The difference of this lie is that it is going up against literally millenia of evolution and the key to human survival and predominance. Except for the very privileged who can either hire or enslave support people, families depended on one another across generations.
In many ways our Affluent Society makes all of us more like historic privileged ones. We depend more and more on the kindness (or greed) of strangers for our most basic survival needs.
Not saying that is necessarily a bad thing but it is something we all should keep in mind when talking about economics, politics, etc.
by EmmaZahn on Sun, 05/22/2011 - 11:24am
Ideally yes. A couple of things though. My brother who is 4 years younger than I is more centrist (conservative) than I am. He fully bought into the "Middle Class American Dream"™ . Where in I did not. The only extended family situation in my family was my cousins on my fathers side where my grandmother lived with them.

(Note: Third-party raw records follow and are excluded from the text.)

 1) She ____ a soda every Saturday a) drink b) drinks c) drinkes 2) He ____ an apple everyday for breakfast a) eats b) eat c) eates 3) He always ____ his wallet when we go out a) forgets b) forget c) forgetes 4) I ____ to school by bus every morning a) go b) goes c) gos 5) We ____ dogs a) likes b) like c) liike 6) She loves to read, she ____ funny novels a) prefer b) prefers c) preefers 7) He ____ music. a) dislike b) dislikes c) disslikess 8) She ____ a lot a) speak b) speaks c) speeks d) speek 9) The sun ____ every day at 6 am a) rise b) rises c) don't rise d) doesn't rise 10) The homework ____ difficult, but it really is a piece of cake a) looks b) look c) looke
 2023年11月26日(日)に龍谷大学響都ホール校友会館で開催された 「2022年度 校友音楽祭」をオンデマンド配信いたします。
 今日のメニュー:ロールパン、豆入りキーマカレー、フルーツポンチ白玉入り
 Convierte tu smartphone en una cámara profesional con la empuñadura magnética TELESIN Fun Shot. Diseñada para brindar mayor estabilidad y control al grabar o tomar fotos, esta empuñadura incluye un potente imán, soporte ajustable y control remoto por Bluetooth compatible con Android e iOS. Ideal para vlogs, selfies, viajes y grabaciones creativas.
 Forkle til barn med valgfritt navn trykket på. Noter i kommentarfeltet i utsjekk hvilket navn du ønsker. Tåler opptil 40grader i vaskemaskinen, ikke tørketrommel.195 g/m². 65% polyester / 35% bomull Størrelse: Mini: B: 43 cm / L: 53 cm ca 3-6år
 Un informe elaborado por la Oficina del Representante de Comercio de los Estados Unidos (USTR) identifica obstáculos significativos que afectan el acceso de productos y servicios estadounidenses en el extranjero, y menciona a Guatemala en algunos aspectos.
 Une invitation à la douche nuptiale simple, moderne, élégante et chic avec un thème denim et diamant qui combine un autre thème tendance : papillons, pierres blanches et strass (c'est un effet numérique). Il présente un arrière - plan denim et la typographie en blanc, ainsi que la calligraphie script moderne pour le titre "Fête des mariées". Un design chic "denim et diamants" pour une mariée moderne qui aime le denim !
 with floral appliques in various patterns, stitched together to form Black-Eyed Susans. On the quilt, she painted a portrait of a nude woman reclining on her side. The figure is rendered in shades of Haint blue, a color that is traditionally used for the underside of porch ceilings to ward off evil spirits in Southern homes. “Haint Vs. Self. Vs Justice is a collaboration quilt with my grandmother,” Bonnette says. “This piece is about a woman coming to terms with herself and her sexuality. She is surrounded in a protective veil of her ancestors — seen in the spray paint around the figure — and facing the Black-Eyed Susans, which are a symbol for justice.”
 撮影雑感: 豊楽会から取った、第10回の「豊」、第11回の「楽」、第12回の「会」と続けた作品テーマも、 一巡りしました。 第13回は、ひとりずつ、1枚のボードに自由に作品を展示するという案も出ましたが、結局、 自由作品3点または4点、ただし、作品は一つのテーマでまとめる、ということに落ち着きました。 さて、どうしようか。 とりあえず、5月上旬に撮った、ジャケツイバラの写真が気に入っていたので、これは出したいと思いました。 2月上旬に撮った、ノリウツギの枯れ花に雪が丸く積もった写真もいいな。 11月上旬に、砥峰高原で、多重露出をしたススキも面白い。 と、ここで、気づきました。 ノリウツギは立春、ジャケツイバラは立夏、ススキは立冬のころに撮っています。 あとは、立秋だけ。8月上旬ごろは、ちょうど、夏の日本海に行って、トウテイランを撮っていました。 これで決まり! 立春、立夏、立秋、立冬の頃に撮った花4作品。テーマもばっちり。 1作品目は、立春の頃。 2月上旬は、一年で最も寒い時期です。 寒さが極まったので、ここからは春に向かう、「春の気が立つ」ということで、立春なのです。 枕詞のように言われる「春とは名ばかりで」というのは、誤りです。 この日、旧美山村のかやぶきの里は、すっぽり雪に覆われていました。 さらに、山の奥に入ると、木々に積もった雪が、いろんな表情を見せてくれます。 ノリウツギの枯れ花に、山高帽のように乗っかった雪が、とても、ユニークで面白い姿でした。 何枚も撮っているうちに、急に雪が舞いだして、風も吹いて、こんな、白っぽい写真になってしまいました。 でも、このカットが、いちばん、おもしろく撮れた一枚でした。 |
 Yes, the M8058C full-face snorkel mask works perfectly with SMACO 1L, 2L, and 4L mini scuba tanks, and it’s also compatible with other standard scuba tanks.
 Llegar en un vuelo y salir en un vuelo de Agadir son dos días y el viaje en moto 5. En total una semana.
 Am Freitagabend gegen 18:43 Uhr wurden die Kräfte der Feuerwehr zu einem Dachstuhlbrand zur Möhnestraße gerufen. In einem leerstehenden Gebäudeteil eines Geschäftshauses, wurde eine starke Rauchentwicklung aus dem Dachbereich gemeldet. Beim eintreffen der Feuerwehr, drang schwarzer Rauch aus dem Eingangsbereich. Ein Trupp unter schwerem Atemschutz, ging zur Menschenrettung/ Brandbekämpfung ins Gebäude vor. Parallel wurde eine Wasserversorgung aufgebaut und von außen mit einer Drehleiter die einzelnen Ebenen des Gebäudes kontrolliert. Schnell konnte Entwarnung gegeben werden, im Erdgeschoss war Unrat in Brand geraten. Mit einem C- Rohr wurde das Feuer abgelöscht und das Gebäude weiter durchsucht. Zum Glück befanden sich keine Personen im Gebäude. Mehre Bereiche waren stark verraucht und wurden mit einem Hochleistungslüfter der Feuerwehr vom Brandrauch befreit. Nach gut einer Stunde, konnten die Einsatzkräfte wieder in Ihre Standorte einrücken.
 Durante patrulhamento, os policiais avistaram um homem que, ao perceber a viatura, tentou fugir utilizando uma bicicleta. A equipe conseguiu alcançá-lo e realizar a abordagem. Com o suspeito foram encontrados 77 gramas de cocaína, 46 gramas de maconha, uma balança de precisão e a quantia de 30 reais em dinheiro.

My mother could not stand her parents and my father tolerated his family. A some what different scenario than a generation before.
by cmaukonen on Sun, 05/22/2011 - 11:38am
Que?
I did not state a preference. I merely observed a perceived difference in social arrangements that are still basically the same. Humans are mutually dependent or interdependent -- except for Mountain Men like Jeremiah Johnson. :)
Since you assumed but did not ask, I do not view the isolated nuclear family or clan/tribe as an ideal but they are proven survival modes.
by EmmaZahn on Sun, 05/22/2011 - 11:53am
Never said you did. Just stating my experience. Of course YMMV.